Em 2025, os condomínios de São Paulo enfrentam uma crise silenciosa que ameaça a qualidade de vida dos moradores: a crescente inadimplência nas taxas condominiais. Esse fenômeno tem levado à paralisação de obras essenciais e comprometido a manutenção das áreas comuns, gerando preocupação entre síndicos e residentes.
A recente promulgação da Lei nº 14.905/2024 trouxe mudanças significativas no Código Civil, afetando diretamente a gestão condominial. As novas regras unificam e modernizam a aplicação de juros e a atualização monetária em casos de inadimplência. Agora, a atualização monetária será baseada no Índice de Preços ao Consumidor Amplo (IPCA), enquanto os juros legais serão calculados com base na taxa SELIC, conforme destacado pelo portal TownSq.

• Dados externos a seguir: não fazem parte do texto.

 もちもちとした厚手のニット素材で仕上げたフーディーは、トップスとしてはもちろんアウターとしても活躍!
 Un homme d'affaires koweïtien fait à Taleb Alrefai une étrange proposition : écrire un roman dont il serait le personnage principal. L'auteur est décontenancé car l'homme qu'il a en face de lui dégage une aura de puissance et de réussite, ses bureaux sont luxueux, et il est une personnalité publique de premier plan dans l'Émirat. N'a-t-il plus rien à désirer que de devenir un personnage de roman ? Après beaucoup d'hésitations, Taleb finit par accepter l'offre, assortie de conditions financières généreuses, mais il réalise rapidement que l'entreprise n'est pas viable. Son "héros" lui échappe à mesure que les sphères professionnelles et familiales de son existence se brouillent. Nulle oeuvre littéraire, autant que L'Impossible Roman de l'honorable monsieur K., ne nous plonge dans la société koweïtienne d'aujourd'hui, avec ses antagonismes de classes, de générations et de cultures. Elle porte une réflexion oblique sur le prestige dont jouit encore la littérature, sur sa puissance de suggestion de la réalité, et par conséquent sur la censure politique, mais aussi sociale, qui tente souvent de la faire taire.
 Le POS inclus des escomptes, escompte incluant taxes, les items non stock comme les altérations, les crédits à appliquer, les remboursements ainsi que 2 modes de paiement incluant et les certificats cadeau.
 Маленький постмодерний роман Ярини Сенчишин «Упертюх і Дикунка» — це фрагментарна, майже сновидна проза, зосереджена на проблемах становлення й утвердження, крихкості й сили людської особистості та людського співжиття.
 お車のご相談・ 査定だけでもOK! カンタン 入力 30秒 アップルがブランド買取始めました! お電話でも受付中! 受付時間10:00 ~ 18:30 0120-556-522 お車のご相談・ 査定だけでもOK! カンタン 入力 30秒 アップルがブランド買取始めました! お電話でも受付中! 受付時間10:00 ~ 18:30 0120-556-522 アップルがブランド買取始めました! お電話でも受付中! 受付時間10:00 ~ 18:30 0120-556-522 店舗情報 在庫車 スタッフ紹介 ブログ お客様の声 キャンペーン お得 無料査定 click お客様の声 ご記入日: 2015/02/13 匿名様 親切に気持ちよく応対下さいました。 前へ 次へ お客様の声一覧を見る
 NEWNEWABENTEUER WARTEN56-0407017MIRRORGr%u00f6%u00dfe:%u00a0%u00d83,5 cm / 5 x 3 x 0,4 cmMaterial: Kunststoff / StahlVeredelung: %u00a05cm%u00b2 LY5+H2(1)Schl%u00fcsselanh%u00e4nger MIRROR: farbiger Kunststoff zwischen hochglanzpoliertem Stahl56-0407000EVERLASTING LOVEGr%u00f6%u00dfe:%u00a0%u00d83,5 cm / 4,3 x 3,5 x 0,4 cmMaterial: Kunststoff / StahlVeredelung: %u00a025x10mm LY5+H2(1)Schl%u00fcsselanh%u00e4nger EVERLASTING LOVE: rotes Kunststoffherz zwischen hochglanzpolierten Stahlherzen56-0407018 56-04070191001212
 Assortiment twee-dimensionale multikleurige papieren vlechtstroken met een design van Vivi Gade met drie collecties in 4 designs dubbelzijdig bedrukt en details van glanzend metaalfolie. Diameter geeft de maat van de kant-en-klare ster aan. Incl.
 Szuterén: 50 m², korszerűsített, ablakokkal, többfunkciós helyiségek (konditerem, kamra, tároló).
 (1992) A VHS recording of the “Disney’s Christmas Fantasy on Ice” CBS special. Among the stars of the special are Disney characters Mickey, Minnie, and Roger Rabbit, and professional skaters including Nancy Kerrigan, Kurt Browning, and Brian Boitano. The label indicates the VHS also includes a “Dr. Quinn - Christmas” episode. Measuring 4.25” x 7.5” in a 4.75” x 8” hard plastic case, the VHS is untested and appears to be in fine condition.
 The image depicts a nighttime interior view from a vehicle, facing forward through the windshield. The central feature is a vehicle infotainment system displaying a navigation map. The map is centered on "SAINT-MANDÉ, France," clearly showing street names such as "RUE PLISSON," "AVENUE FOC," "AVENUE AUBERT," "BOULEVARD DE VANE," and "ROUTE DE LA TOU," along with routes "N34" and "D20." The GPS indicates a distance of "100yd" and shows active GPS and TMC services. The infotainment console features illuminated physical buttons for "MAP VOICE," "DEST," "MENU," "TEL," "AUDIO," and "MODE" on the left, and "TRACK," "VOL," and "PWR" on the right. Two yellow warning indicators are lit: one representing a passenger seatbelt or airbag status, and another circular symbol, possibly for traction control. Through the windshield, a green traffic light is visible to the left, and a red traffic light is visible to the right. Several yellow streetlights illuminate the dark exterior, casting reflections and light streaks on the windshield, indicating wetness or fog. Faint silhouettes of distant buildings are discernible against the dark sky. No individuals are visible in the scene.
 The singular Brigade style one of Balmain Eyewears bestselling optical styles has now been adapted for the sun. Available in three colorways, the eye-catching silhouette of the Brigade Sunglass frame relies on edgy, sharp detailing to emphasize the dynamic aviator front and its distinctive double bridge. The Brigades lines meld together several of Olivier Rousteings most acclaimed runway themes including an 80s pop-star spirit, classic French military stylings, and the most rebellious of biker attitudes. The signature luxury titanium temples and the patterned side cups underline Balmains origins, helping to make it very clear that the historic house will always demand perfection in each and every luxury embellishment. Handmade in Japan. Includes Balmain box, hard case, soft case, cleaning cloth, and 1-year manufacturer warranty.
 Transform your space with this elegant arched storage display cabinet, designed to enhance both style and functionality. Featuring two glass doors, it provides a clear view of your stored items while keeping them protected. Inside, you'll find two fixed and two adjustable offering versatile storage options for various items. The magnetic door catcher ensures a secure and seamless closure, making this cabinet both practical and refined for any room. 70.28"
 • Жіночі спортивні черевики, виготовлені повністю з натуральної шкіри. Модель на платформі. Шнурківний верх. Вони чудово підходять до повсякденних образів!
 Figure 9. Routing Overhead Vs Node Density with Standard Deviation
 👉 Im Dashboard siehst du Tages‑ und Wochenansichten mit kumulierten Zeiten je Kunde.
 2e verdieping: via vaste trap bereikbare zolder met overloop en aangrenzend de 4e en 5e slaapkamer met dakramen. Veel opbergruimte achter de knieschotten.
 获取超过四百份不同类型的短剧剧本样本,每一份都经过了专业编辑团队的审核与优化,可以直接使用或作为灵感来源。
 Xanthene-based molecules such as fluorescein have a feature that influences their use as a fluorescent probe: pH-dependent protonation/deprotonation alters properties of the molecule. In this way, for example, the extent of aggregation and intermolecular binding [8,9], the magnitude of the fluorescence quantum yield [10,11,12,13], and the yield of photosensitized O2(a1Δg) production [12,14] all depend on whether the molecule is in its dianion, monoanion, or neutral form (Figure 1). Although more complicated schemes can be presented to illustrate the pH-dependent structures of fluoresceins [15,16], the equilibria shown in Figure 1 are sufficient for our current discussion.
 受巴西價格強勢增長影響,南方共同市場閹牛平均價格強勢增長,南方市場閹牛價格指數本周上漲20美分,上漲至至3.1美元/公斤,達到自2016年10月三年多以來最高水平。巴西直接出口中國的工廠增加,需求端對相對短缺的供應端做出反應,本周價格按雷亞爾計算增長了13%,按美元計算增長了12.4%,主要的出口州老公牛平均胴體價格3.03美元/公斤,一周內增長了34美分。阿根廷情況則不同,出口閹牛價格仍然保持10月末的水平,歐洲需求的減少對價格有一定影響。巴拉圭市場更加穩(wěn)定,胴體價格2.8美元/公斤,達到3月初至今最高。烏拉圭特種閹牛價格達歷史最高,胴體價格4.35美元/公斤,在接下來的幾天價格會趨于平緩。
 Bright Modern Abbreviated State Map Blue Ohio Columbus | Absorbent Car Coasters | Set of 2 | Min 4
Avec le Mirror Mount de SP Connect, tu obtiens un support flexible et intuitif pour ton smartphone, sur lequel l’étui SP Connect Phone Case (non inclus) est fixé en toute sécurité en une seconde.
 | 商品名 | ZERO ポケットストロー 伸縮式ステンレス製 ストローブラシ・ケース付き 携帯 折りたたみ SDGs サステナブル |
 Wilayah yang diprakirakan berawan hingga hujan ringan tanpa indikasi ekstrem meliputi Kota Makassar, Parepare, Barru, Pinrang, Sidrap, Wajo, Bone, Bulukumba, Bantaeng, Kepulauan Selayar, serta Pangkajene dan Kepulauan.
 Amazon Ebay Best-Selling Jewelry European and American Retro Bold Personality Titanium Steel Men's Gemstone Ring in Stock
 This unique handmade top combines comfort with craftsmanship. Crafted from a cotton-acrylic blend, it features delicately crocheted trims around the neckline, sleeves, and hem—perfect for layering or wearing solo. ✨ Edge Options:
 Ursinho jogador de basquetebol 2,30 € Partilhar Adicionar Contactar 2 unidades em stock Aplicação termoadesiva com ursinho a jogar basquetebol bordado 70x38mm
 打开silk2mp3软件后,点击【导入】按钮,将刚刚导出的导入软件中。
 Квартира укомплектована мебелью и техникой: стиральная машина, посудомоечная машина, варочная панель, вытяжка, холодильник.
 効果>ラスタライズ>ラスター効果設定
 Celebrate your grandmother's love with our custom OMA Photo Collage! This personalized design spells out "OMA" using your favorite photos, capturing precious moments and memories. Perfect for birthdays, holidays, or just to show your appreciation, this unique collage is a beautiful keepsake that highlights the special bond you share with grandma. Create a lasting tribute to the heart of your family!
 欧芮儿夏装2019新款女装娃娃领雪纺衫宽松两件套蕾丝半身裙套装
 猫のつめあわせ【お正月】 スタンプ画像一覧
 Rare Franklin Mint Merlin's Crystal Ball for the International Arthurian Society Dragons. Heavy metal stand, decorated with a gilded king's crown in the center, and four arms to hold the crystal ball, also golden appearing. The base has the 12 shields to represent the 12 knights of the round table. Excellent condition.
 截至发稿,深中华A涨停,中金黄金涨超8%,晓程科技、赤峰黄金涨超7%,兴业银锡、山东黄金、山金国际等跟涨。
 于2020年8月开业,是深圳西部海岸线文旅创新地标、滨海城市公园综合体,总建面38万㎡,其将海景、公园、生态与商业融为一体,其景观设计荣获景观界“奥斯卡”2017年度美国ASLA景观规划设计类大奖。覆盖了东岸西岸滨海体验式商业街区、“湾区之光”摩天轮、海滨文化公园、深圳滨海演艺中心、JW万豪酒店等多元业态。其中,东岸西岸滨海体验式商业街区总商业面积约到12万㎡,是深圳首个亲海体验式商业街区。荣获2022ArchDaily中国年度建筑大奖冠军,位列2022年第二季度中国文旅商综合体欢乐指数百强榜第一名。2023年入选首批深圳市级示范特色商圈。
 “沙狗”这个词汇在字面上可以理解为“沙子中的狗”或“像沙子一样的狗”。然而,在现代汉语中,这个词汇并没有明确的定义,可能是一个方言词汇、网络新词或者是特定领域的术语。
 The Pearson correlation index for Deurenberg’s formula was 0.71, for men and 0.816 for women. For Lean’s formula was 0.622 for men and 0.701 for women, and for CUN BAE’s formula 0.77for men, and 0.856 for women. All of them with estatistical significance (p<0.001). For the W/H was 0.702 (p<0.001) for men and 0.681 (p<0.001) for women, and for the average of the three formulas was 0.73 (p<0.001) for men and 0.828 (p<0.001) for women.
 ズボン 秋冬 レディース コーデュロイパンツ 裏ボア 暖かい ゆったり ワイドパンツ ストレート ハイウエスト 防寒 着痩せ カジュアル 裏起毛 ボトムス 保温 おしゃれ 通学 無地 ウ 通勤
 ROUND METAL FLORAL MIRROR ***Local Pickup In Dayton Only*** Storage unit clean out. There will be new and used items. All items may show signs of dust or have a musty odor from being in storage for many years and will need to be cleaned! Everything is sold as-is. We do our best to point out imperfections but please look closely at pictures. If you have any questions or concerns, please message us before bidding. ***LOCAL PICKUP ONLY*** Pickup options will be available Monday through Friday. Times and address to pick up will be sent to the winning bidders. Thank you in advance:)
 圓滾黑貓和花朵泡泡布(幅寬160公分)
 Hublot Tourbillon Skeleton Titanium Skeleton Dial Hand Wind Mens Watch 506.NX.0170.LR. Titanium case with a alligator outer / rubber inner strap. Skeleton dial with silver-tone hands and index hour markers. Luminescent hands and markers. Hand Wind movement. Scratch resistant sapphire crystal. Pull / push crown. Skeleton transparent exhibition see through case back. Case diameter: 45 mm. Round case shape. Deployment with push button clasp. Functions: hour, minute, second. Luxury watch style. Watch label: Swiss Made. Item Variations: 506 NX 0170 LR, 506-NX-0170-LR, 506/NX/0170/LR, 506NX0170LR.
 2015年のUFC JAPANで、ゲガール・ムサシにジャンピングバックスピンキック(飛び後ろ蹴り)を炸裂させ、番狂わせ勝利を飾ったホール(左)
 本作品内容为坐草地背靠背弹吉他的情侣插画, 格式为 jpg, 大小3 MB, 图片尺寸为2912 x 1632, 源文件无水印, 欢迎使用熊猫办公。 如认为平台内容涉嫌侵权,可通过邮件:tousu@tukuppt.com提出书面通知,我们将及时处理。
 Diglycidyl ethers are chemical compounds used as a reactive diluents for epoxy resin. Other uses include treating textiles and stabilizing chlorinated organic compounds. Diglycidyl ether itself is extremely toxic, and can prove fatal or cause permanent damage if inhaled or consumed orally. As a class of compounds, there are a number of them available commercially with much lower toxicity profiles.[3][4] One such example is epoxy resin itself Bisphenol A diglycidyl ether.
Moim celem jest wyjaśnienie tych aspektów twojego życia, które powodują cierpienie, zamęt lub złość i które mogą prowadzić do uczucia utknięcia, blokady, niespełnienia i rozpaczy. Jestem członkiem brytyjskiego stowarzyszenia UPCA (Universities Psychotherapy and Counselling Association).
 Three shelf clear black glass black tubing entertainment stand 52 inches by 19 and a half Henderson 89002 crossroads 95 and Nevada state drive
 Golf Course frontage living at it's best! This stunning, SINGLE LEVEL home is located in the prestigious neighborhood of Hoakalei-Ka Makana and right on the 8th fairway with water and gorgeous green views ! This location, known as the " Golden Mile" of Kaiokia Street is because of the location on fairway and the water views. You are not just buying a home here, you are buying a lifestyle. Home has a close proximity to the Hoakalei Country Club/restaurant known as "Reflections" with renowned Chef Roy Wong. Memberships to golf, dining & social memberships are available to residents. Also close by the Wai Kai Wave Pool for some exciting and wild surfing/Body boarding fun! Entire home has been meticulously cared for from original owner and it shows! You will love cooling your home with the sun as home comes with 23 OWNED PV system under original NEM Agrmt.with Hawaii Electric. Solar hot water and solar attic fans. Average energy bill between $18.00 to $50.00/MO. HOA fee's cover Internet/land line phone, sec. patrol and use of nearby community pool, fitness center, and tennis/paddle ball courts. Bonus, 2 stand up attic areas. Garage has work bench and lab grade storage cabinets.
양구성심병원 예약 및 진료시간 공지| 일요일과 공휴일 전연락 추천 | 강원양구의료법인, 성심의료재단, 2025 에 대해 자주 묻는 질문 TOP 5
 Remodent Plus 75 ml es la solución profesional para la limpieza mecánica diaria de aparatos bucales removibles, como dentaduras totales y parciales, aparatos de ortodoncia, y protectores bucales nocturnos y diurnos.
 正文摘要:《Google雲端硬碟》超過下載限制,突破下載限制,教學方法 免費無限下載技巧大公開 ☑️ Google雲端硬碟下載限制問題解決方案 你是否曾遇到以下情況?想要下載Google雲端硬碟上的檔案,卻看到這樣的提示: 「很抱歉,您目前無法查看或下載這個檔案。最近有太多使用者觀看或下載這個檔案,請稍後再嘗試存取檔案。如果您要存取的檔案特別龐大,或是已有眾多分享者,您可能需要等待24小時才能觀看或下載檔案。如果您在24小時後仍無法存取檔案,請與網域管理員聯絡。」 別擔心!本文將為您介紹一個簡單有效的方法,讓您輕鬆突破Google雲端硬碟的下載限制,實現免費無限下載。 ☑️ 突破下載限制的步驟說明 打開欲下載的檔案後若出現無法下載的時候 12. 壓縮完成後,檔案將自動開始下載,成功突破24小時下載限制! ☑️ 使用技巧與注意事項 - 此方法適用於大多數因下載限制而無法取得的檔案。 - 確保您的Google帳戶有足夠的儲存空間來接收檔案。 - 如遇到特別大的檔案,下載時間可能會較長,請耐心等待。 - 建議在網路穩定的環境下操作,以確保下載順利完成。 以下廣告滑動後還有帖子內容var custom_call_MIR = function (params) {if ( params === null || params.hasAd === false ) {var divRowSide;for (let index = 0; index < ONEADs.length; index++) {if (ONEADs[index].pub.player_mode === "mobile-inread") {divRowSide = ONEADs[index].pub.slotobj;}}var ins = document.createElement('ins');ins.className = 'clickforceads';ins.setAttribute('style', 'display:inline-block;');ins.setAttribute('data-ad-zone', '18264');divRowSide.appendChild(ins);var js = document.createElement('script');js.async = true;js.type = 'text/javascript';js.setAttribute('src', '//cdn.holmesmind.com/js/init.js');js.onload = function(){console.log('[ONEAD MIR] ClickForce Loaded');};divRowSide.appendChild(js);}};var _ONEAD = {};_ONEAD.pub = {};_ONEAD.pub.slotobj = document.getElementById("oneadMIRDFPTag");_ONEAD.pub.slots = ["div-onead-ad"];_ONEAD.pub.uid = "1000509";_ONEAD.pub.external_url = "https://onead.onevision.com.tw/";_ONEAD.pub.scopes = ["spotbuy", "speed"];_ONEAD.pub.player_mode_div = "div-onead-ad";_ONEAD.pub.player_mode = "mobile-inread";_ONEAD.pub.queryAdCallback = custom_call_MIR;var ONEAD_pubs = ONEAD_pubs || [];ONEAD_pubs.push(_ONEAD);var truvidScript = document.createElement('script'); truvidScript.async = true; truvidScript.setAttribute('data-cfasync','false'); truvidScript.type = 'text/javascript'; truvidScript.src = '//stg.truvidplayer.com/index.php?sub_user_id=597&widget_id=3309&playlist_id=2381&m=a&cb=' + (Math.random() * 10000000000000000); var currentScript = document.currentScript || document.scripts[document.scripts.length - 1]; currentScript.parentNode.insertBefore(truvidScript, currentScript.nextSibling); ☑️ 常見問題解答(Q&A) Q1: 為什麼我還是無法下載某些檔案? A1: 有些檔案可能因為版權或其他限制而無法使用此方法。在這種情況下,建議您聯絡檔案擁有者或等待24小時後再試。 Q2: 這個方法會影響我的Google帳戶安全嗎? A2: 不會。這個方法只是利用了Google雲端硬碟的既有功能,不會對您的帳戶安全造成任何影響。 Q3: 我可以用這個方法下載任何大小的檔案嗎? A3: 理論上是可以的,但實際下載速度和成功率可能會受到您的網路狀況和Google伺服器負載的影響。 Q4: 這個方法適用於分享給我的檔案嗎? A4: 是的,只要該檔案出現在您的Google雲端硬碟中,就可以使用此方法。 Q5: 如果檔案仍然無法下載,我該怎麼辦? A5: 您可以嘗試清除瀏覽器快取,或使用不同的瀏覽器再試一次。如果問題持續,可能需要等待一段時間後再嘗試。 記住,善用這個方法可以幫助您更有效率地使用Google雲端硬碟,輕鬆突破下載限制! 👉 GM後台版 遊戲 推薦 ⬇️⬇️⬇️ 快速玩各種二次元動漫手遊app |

Gustavo Ferreira, CEO da administradora de condomínios Fesan, comenta sobre os desafios impostos pela nova legislação: "É fundamental que os síndicos se atualizem sobre as mudanças legais para garantir uma gestão eficiente. A adoção de ferramentas tecnológicas pode auxiliar no controle financeiro e na comunicação com os moradores, minimizando os impactos da inadimplência."
A inadimplência não afeta apenas as finanças do condomínio, mas também a convivência entre os moradores. Com a falta de recursos, projetos de melhoria são adiados e a manutenção preventiva é comprometida, elevando os custos a longo prazo. Além disso, a sobrecarga financeira recai sobre os condôminos adimplentes, gerando insatisfação e conflitos internos.
Para mitigar esses problemas, especialistas recomendam a implementação de políticas de cobrança mais eficazes e a promoção de campanhas de conscientização sobre a importância do pagamento em dia das taxas condominiais. A transparência na prestação de contas e a participação ativa dos moradores nas assembleias no condomínio também são medidas essenciais para uma gestão mais participativa e eficiente.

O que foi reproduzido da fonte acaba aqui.